Perbedaan pendapat ini menunjukkan kekayaan dan kedalaman pemahaman fiqih dalam Islam. Penting bagi setiap muslim untuk memahami perbedaan ini, namun tidak perlu terjebak dalam perdebatan. Memilih salah satu pendapat yang kuat dan konsisten dengan praktik yang dianut merupakan hal yang dibolehkan.

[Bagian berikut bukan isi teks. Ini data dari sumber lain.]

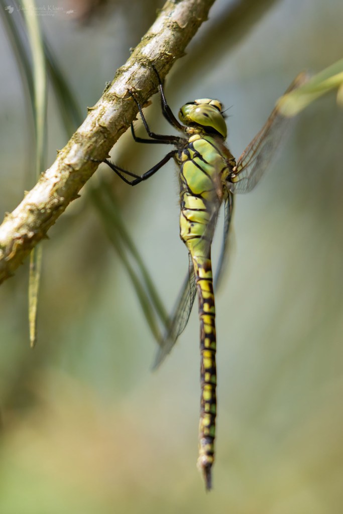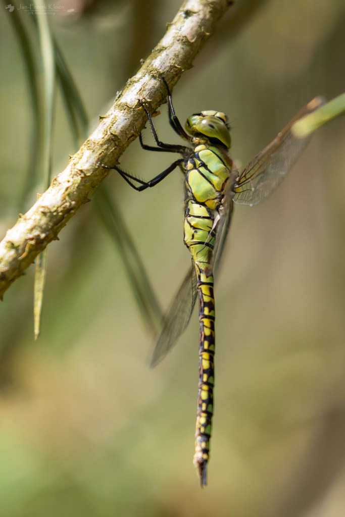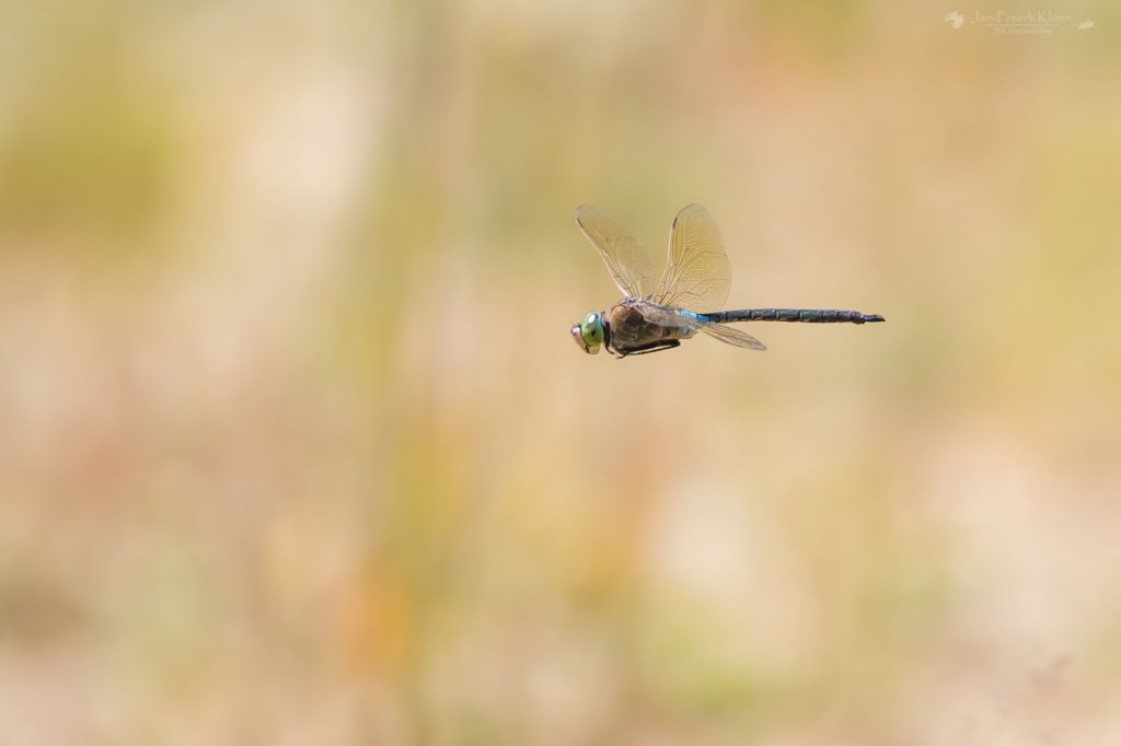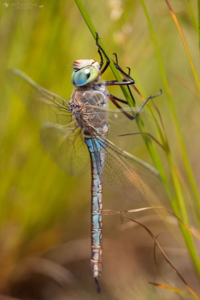 Ook tengere grasjuffer en tangpantserjuffers hadden het plekje weten te vinden. Na wat afleiding van een overvliegende grote weerschijnvlinder, een echte zeldzaamheid in deze omgeving, vond ik foeragerend boven het veld een paar zuidelijke keizerlibellen en een eerste steenrode heidelibel van het jaar. Een vrouwtje zuidelijke keizerlibel zag ik zomaar in het gras zitten en voor het eerst heb ik nu ook het vrouwtje van deze soort mooi op de foto.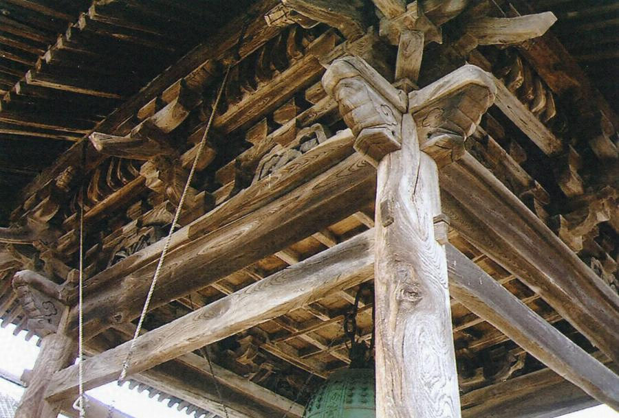 本堂の東南に位置する。切石積基壇に建つ桁行1間梁間1間の吹放ち鐘楼。入母屋造桟瓦葺。礎盤に粽付円柱を内転びにたて、貫や台輪で固め、尾垂木付二手先斗栱を組む。柱間中央にも斗栱を置き、その間に蟇股を飾る。二軒繁垂木。近世建立になる良質な鐘楼。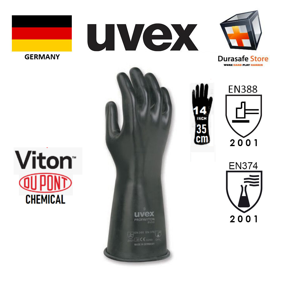 This safety glove consists of a butyl rubber base layer and a Viton® outer layer measuring 0.2 mm in thickness. In total, the glove is 0.6 mm thick. It also provides excellent mechanical properties.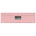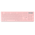 Bezdrátová klávesnice a optická myš v elegantním růžovém designu, určena pro domácí i profesionální použití v kancelářích a firmách.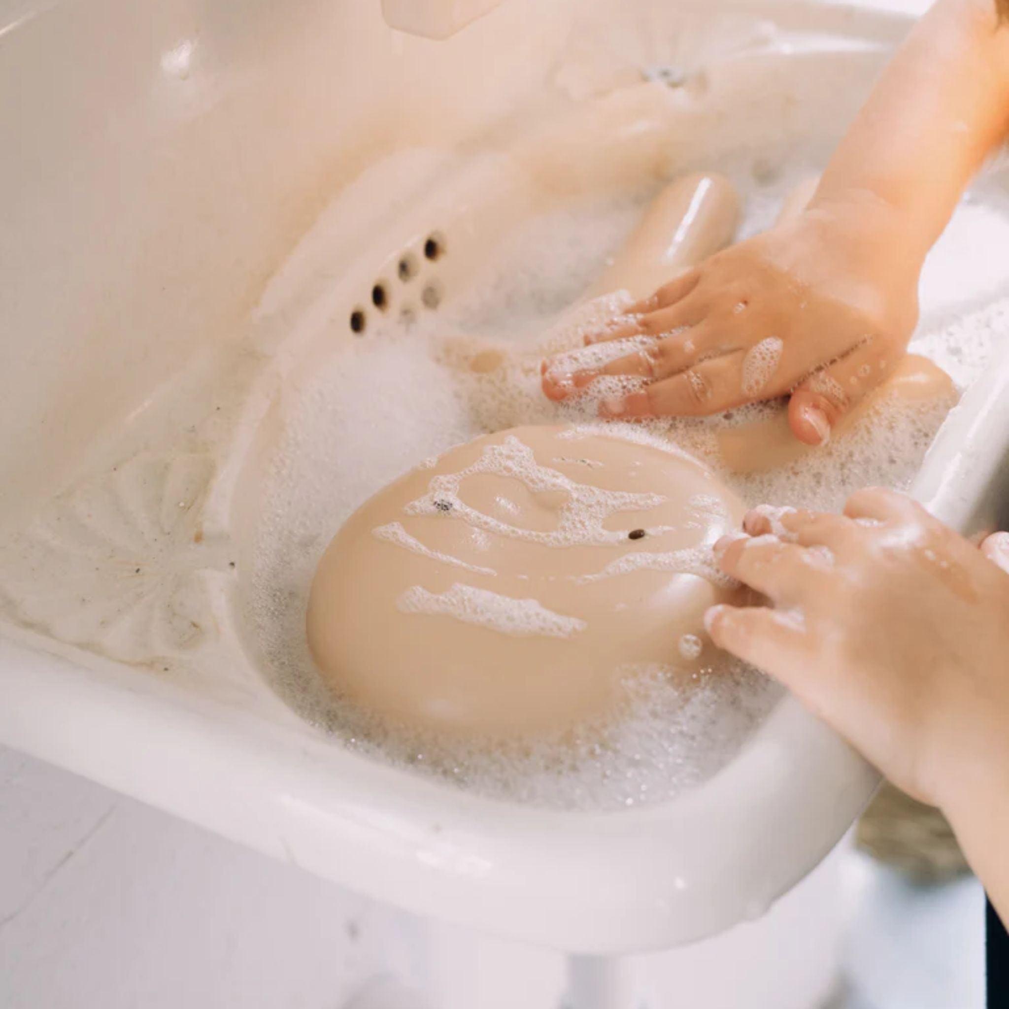 This charming doll features a body made from hevea tree white sap and is 100% biodegradable. Unique with small imperfections because it is handmade and hand painted with organic food graded paint. PVC and BPA free, soft and chewable. Safe for water play because it's hermetically sealed so no mold or bacteria can accumulate inside.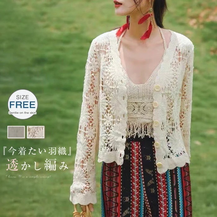 カーディガン サマーニット レディース 春 夏 さっと羽織れる 透かし編み 花柄 ゆったり フェミニン 透かし彫り 着回し 透け感 高見え シェルボタン Vネック 長袖 薄手 カジュアル 体型カバー
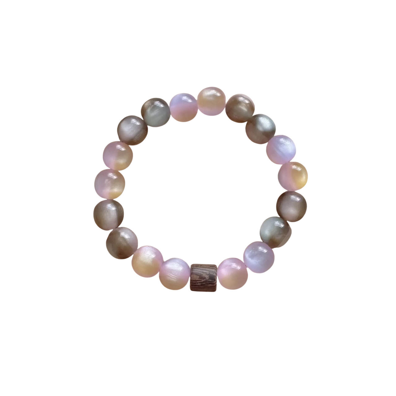 Naisten rannekoru helmistä, luonnonkivestä ja puusta. Yksi koko, ihanteellinen päivittäiseen käyttöön, tuo harmoniaa ja luonnollista kauneutta. Täydellinen kuvaus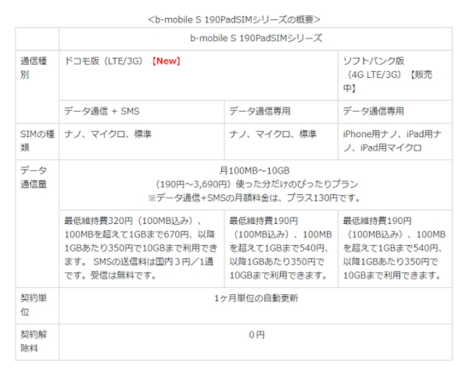 日本通信のデータ専用 B Mobile S 190padsim にドコモ版登場 Sms対応simも用意 Itmedia Mobile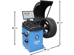 The Atlas WB49-2 represents the very latest generation of Atlas Wheel Balancer. Boasting Automatic 2D Data Entry, the offset and diameter are entered automatically using the inner measuring gauge, and the all-new ‘monitor-style’ large LED display and new design chassis give the balancer a far more practical and aesthetically improved design.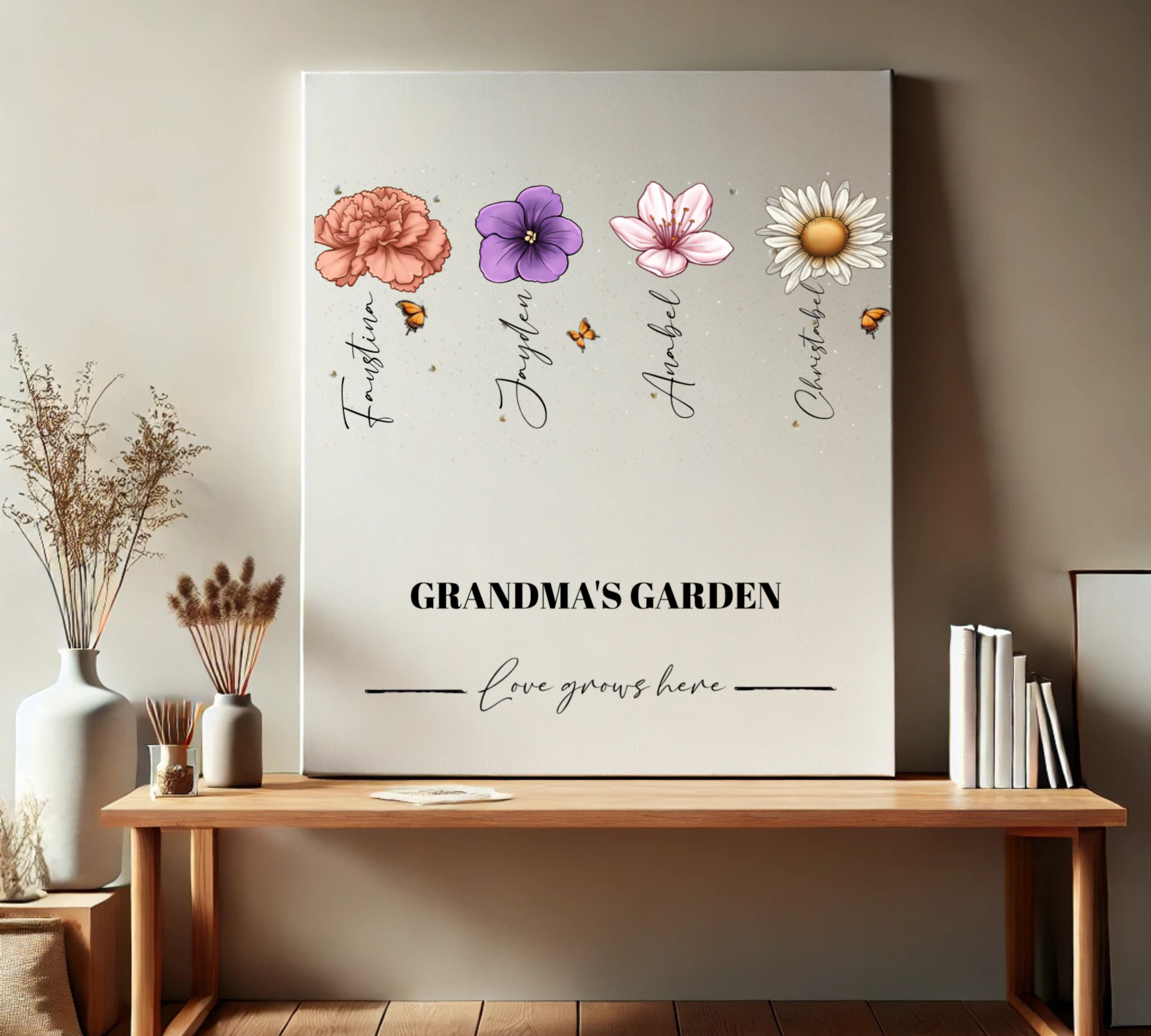 This custom floral canvas beautifully represents Grandma’s (or Mom’s) love for her family. Each child’s name is paired with their birth month flower, creating a sentimental and timeless keepsake.

Kesimpulan: I’tidal sebagai Gerakan yang Penuh Makna
I’tidal, meskipun tampak sebagai gerakan sederhana, merupakan bagian integral dari salat yang sarat makna. Gerakan berdiri tegak setelah ruku’ ini bukan sekadar transisi fisik, melainkan juga simbol kebangkitan spiritual, kesiapan untuk melanjutkan ibadah, dan pengakuan atas keagungan Allah SWT. Dengan memahami tata cara dan bacaan doa i’tidal yang dianjurkan, serta memperhatikan perbedaan pendapat ulama mengenai posisi tangan, setiap muslim dapat menunaikan salat dengan lebih khusyuk dan sesuai tuntunan Rasulullah SAW. Semoga uraian ini dapat menambah wawasan dan meningkatkan kualitas ibadah kita.